Set the `CLAUDE_PATH` environment variable:

```bash
export CLAUDE_PATH="/path/to/claude"
python ./headless_db_discovery.py
```

Or install Claude Code:

```bash
npm install -g @anthropics/claude-code
```

### "No MCP servers available"

Ensure MCP servers are configured in your Claude Code settings or provide MCP configuration via command line.

### Discovery times out

Increase the timeout:

```bash
python ./headless_db_discovery.py --timeout 600
```

### Output is truncated

The multi-agent prompt is designed for comprehensive output.
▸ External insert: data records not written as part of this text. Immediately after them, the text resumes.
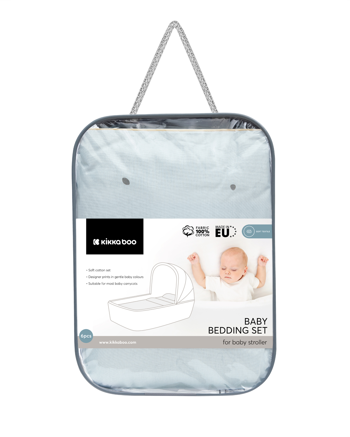 • Мек и нежен бебешки спален комплект, изработен от 100% висококачествен памук ранфорс;• Сертифицирани по OEKO-TEX материи;• Закачлив дизайнерски десен в нежни цветове и луксозна бродерия;• Подходящ за стандартно кошче за новородено;• Комплектът включва:- Калъфка 35×26 см със странично отваряне тип плик;- Мека памучна възглавница 35×26 см;- Долен чаршаф с ластик 40x80x5 см;- Плик за олекотена завивка с цип 80×60 см;- Мека и топла олекотена завивка 80×60 см, изработена от пухкава полиестерна вата и нетъкан текстил;- Непромокаем протектор за матрак на кошче с лесно ластично закрепяне 38х78 см;• Предлага се в прахоустойчива чанта за лесно пренасяне и съхранение;• Произведено в България. Размери:- Прахоустойчива чанта: 34x24x8 см / 0.59 кг- Кашон: 82x45x70 см / 23.2 кг / 36 бр/кашон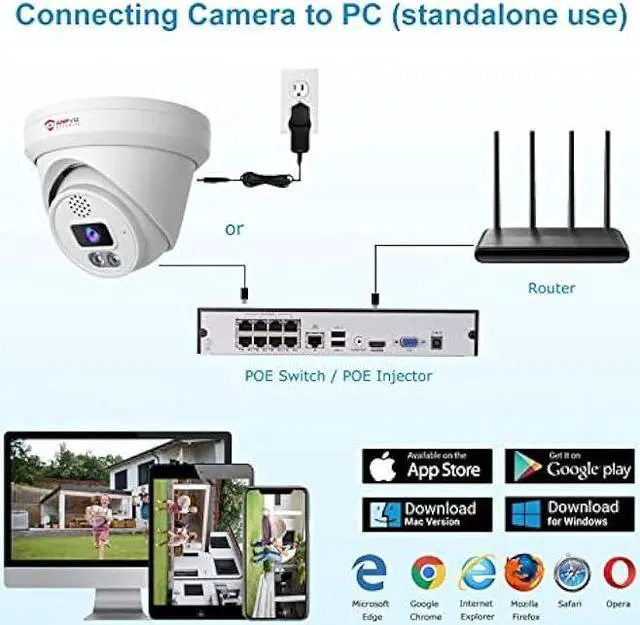 Support Micro SD Card MemoryUp to 256-GB Micro SD card memory (not included), you can buy 32/64/128/256 GB Micro SD. This POE camera is easier to install and connect. If you have any question, please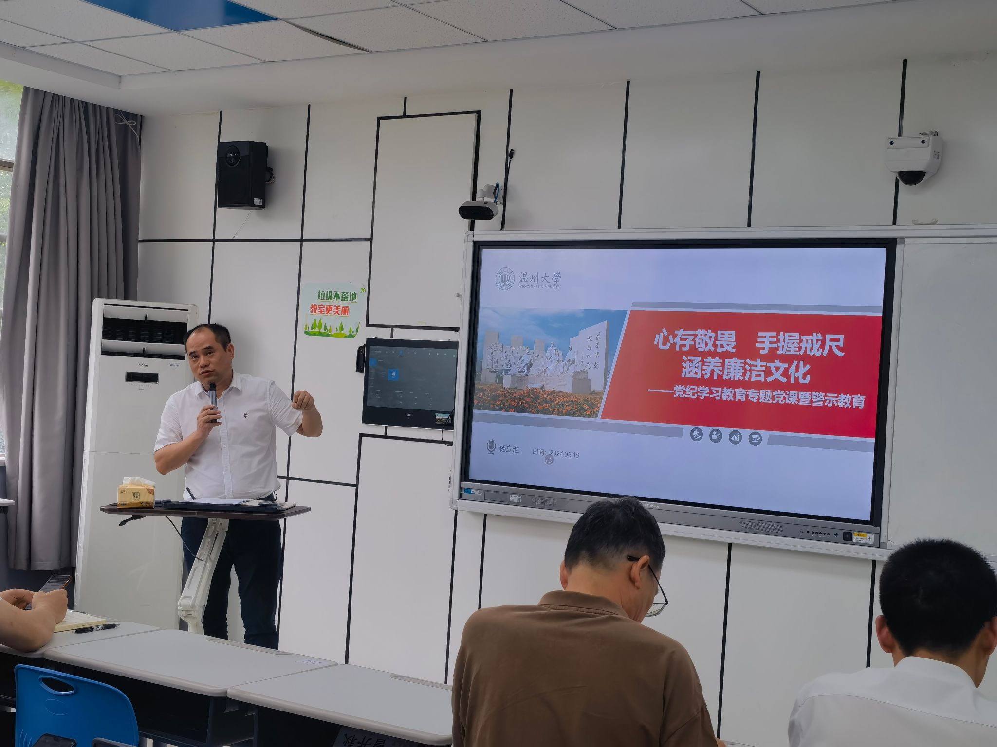6 月 19 日,十大体育博彩排行榜 举行了党纪学习教育专题党课暨警示教育活动。十大体育博彩排行榜 党委书记杨立淮同志为全体教职工作题为《心存敬畏,手握戒尺,涵养廉洁文化》的专题党课。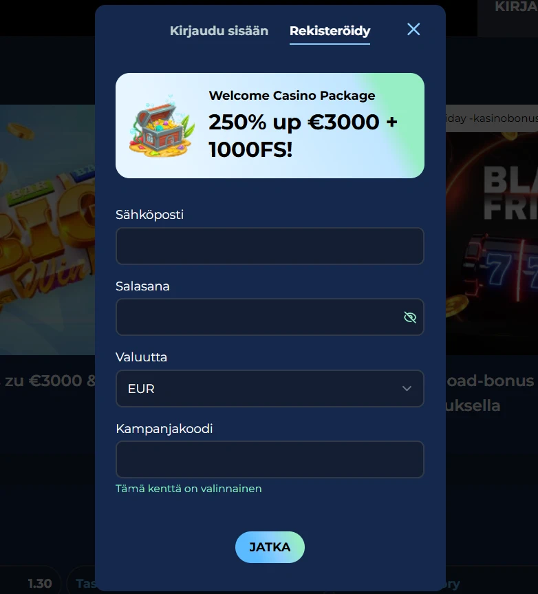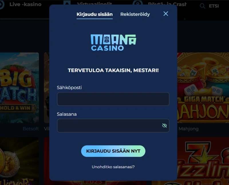 Kirjautuaksesi tilillesi, klikkaa yksinkertaisesti "Kirjaudu sisään" etusivullamme ja syötä rekisteröity sähköpostisi ja salasanasi. Jos olet tallentanut tiedot selaimeesi tai käytät laitteen biometrisiä tunnisteita (esim. sormenjälki tai Face ID), kirjautuminen mobiilissa käy entistä nopeammin.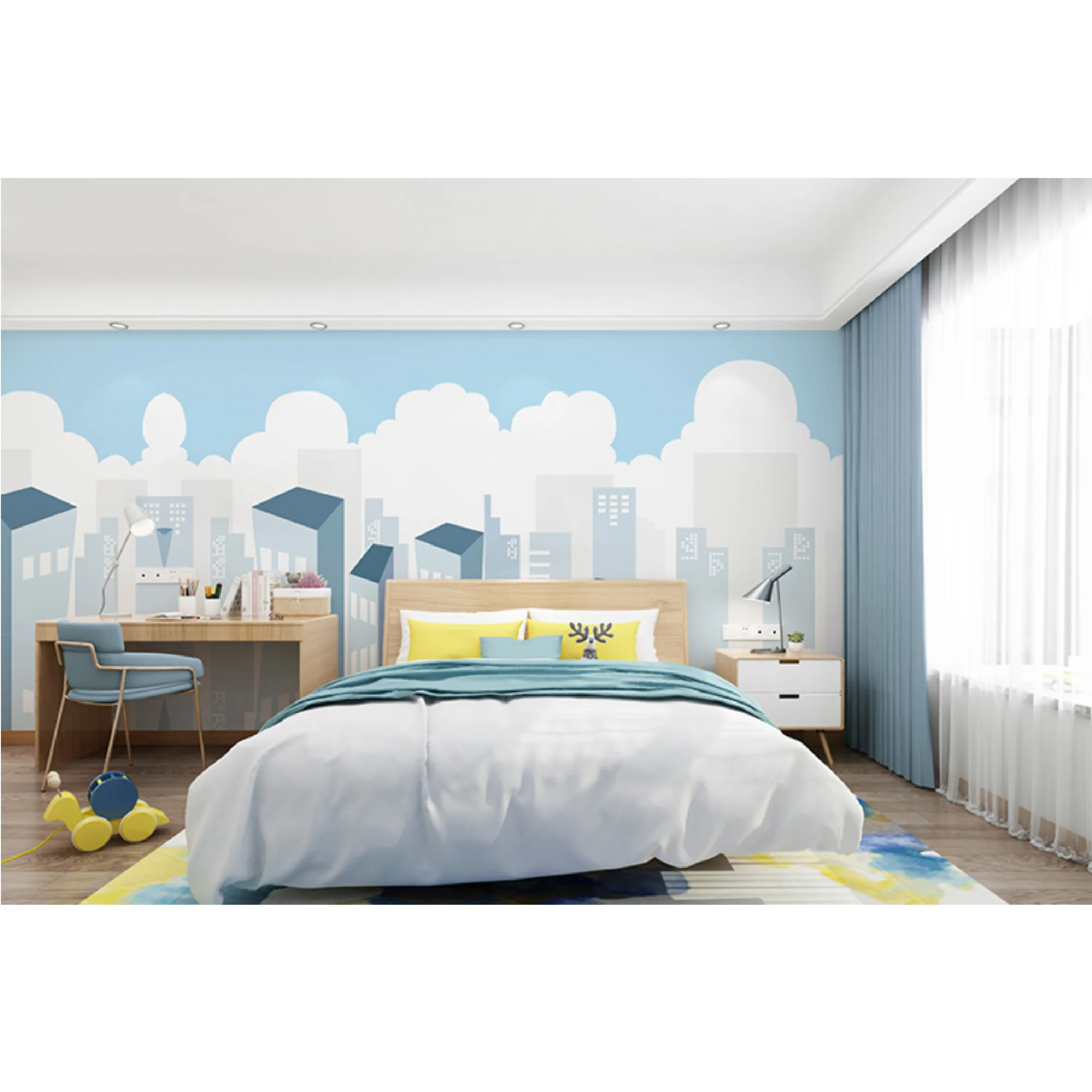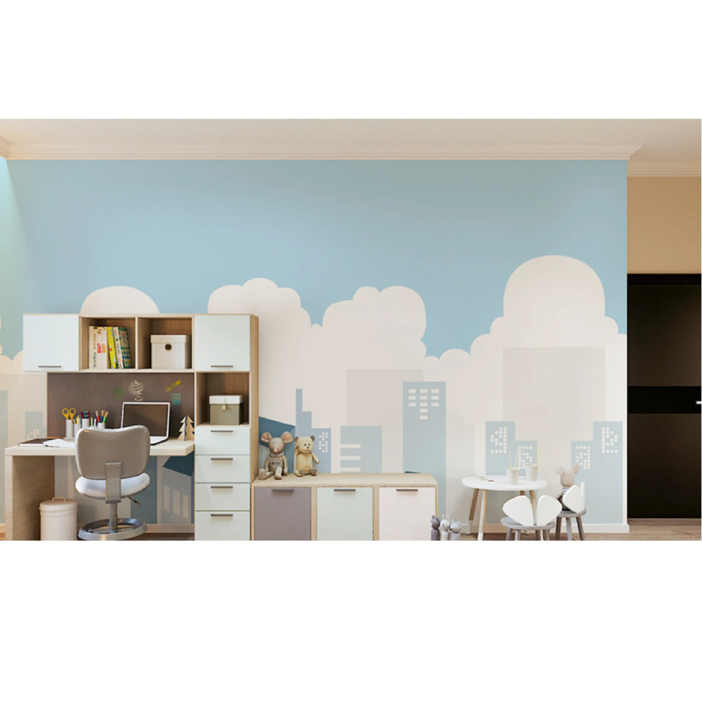Home Stone,Tiles,Flooring & Walls Material Interior Wall Material Wallpaper Anhui Modenisite Soft Decoration Design Co., Ltd. Children's room cartoon style blue sky and architecture background wallpaper

If truncated:
1. Increase timeout
2. Check MCP server connection stability
3. Review MCP catalog for partial results

## Directory Structure

```
ClaudeCode_Headless/
├── README.md                           # This file
├── prompts/
│   ├── multi_agent_discovery_prompt.md      # Concise system prompt
│   └── multi_agent_discovery_reference.md   # Comprehensive reference
├── headless_db_discovery.py            # Python script
├── headless_db_discovery.sh            # Bash script
└── examples/
    ├── DATABASE_DISCOVERY_REPORT.md        # Example output
    └── DATABASE_QUESTION_CAPABILITIES.md   # Feature documentation
```

## Related Documentation

- [Multi-Agent Database Discovery System](../../doc/multi_agent_database_discovery.md)
- [Claude Code Documentation](https://docs.anthropic.com/claude-code)
- [MCP Specification](https://modelcontextprotocol.io/)

## License

Same license as the proxysql-vec project.